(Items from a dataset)
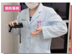
2023.06.23 先輩VOICE_ms20 先輩紹介 (医療事務)
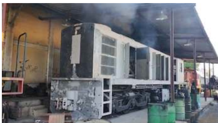
◆ Testes e regulagem do motor diesel da RSD8 n° 3507.

Ações como esta mostram a seriedade e a competência da ABPF bem como ela vem sendo cada vez mais reconhecida pelos diversos atores da ferrovia hoje no país, sejam as concessionárias, sejam os órgãos governamentais. A associação é hoje e respeitada e reconhecida pelo seu know-how em matéria de material ferroviário histórico, se tornando uma referência no país.
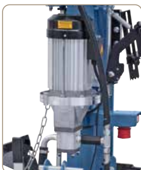
Modele ZE w wyposażeniu standardowym są oferowane z aluminiowym silnikiem napędowym o dużej mocy i wydajną pompą hydrauliczną
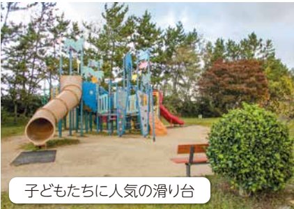
子どもたちに人気の滑り台

山の下海浜公園は新潟空港や新潟西港に隣接する場所に位置しています。そのため、飛行機や船を間近に見ることができ、迫り満点の公園として人気です。
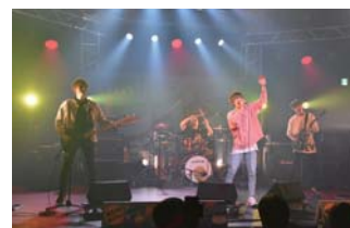
昨年のライブチャレンジの様子

開催期日 7月14日(日)、8月18日(日)、9月29日(日)、11月23日(土・祝) 会場 久留米シティプラザ(六角堂広場、Cボックス) 応募期間 9月30日(月)まで ※7/14開催分は募集締切
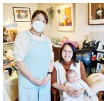
ほほえみサービス産後の支援
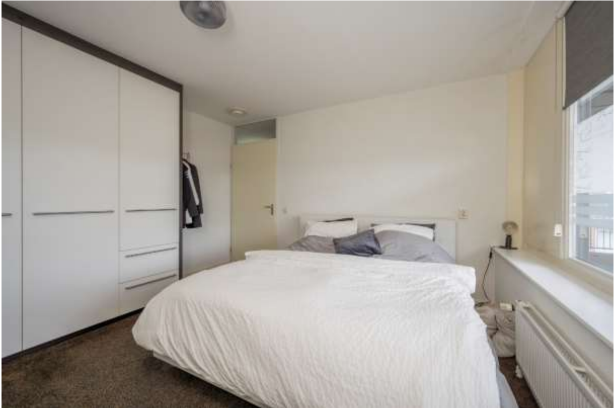
Slaapkamer met vaste kast
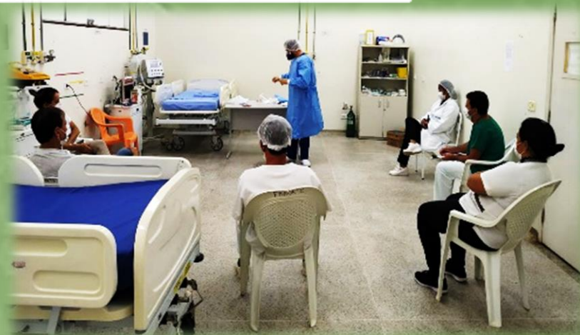
Prática de paramentação e desparamentação HEURO/CACOAL
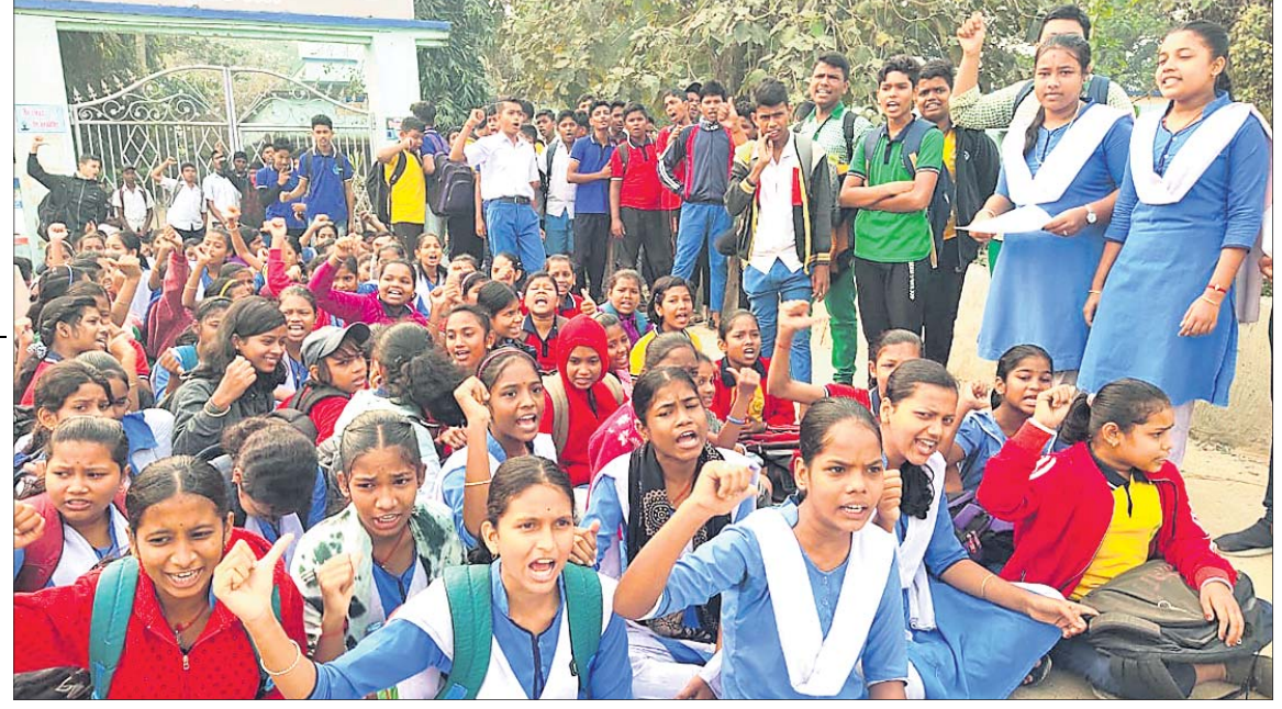
ସ୍କୁଲ ପାଠକ ସମ୍ମୁଖରେ ଧାରଣାରେ ବସିଥିବା ଛାତ୍ରାଛାତ୍ରୀ।

#### [Try it]
Write out each entry again exactly, and skip the pictures.

#### [Exercise output]
2023.06.23 先輩VOICE_ms20 先輩紹介 (医療事務)
◆ Testes e regulagem do motor diesel da RSD8 n° 3507.

Ações como esta mostram a seriedade e a competência da ABPF bem como ela vem sendo cada vez mais reconhecida pelos diversos atores da ferrovia hoje no país, sejam as concessionárias, sejam os órgãos governamentais. A associação é hoje e respeitada e reconhecida pelo seu know-how em matéria de material ferroviário histórico, se tornando uma referência no país.
Modele ZE w wyposażeniu standardowym są oferowane z aluminiowym silnikiem napędowym o dużej mocy i wydajną pompą hydrauliczną
子どもたちに人気の滑り台

山の下海浜公園は新潟空港や新潟西港に隣接する場所に位置しています。そのため、飛行機や船を間近に見ることができ、迫り満点の公園として人気です。
昨年のライブチャレンジの様子

開催期日 7月14日(日)、8月18日(日)、9月29日(日)、11月23日(土・祝) 会場 久留米シティプラザ(六角堂広場、Cボックス) 応募期間 9月30日(月)まで ※7/14開催分は募集締切
ほほえみサービス産後の支援
Slaapkamer met vaste kast
Prática de paramentação e desparamentação HEURO/CACOAL
ସ୍କୁଲ ପାଠକ ସମ୍ମୁଖରେ ଧାରଣାରେ ବସିଥିବା ଛାତ୍ରାଛାତ୍ରୀ।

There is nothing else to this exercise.